After a rousing call to action from students who have been helping faculty’s efforts to win a fair contract, the Workers’ Rights Board panel, including SF District 1 Supervisor Eric Mar, Vice-President of the SF Unified School District Board of Education Matt Haney, Rev. Richard L. Smith of St. John’s, renowned playwright and educator Cherrie Moraga, prominent artist and educator Celia Herrera Rodriguez, and Executive Director of the Jamestown Community Center Myrna Melgar, responded to what they had heard.

“I taught at SF State for 16 years, and I helped found New College of California, so I identify with what the SFAI folks are dealing with, and the victimization and demonization that courageous faculty organizing are facing. We as government officials have to do everything we can to hold accountable institutions that are really squeezing the lowest-paid workers and taking away this ideal of education that can make you a better servant to your community,” said Sup. Eric Mar.

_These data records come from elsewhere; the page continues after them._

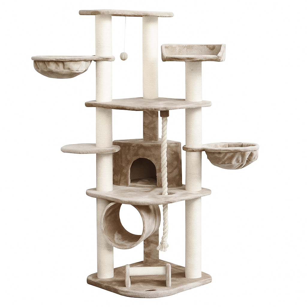 !!! DOPRAVA ZDARMA !!! NOVÉ KOČIČÍ ŠKRABADLO XXL BÉŽOVO-ŠEDÉ se sisalovými kmeny Ø 15 cm VHODNÉ PRO VELKÉ A TĚŽKÉ KOČKY BÉŽOVO-ŠEDÉ - VYSOKÉ 189 cm OÁSA, RELAXACE A ZÁBAVA PRO KAŽDOU KOČKU Nuda, nečinnost, dlouhá chvíle? S nákupem tohoto škrabadla toto Vašim chlupáčům opravdu nehrozí! Toto víceúrovňové škrabadlo v béžovo-šedé barvě nabízí vše, co váš chlupatý společník potřebuje – pohodlí, zábavu i prostor pro pohyb. Měkké pelíšky poskytnou místo pro lenošení. Prolejzací otvor se postará o spoustu zábavy. Stabilní sisalové kmeny a škrábací prkno umístěné na základní desce poslouží ke škrábání a obrušování dápků. Díky stabilní extra zesílené základně a promyšlenému uspořádání plošin je škrabadlo vhodné jak pro větší a těžší kočky, tak i pro domácnost s více kočkami. Barva: Béžovo-šedá Výška: 189 cm Jednotlivé prvky: Prostorné odpočinkové vyhlídkové plochy – perfektní výhled na celé teritorium Vrchní odpočinková plocha s prohloubeným košíkem - perfektní na schoulení a schování se Odpočinková vyhlídková plocha s vysokým měkkým plyšovým okrajem Prostorné odpočinkové košíky - ideální pro lenošení a spánek Sisalové sloupky – bytelné a masivní, vhodné i pro velká plemena Prolejzací otvor – pro každodenní zábavu a aktivitu Škrábací prkno na základně Extra stabilní zesílená základní deska Detailní rozměry: Celkové rozměry: 189 x 61 x 71 cm Základní plocha: 71 x 61 x 4 cm Sisalové kmeny: Ø 15 cm Vrchní odpočinková plocha s prohlubní: Ø 60 cm, prohluběň Ø 30 cm Odpočinková vyhlídková plocha uprostřed: 71 x 61 cm Postranní plochy k sezení: 60 x 35 cm, 1x s prolejzacím otvorem Odpočinkové košíky: Ø 40 cm Kulatá vyhlídková plocha s měkkým okrajem: Ø 45 cm Toto škrabadlo je navrženo tak, aby vyhovovalo nárokům velkých a těžkých koček, popř. nárokům domácností s více kočkami. Vhodné pro: ✅ Velká plemena (Mainská mývalí, Ragdoll, Norská lesní aj.) ✅ Domácnosti s více kočkami ✅ Aktivní kočky, které rády šplhají a pozorují okolí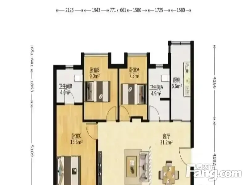 户型齐全,主打户型方正,明厨,主卧朝南三居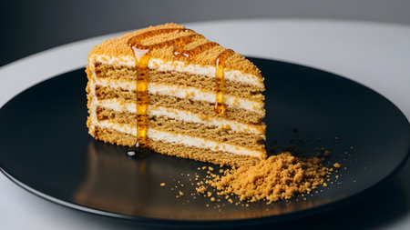 A slice of layered honey cake fits perfectly on a black plate, drizzled with golden syrup. The cake features multiple thin layers of sponge and cream, garnished with crumbs for texture.

“What kind of sickness has come across our city, our society, when we would dismantle the very thing that is the source of our prosperity? When we would attack the very people who are most essential–our educators? There’s something deeply wrong at the core when we’re having a conversation of people who are undermined and attacked, who should be celebrated and supported. In this city especially, the amount of wealth in this city, that we would be having this conversation here in this very place where blocks from here they’re renting 1-bedroom apartments for $7,000, selling million-dollar condos, that we wouldn’t support our young people to have a future in this city? There can be nothing more shameful than that,” said Matt Haney, elected SF School Board member.

The SFAI Poster Syndicate, led by SFAI adjunct professor Art Hazelwood, produced a series of prints for participants and guests.